(DATA SECTION begins)

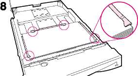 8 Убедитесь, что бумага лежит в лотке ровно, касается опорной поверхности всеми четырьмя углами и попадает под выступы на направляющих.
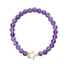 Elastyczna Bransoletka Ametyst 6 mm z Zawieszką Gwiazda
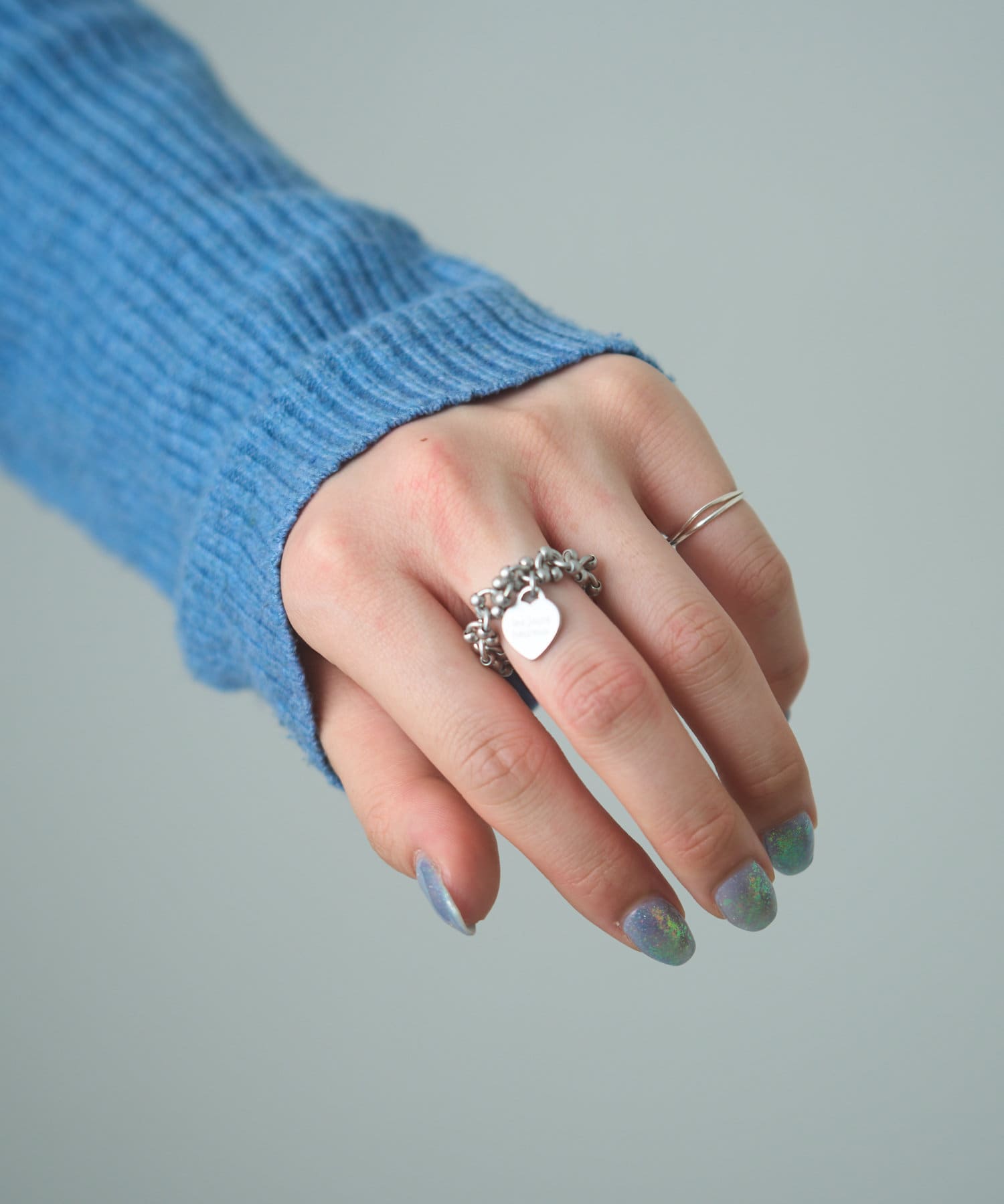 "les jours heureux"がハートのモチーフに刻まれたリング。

(DATA SECTION ends)

◆ YOUR GOAL ◆
Nothing but the lines from the line containing "Elastyczna Bransoletka Ametyst" through the last line of the listing above should appear, output exactly, with no pictures.

◆ OUTPUT BELOW ◆
 Elastyczna Bransoletka Ametyst 6 mm z Zawieszką Gwiazda
 "les jours heureux"がハートのモチーフに刻まれたリング。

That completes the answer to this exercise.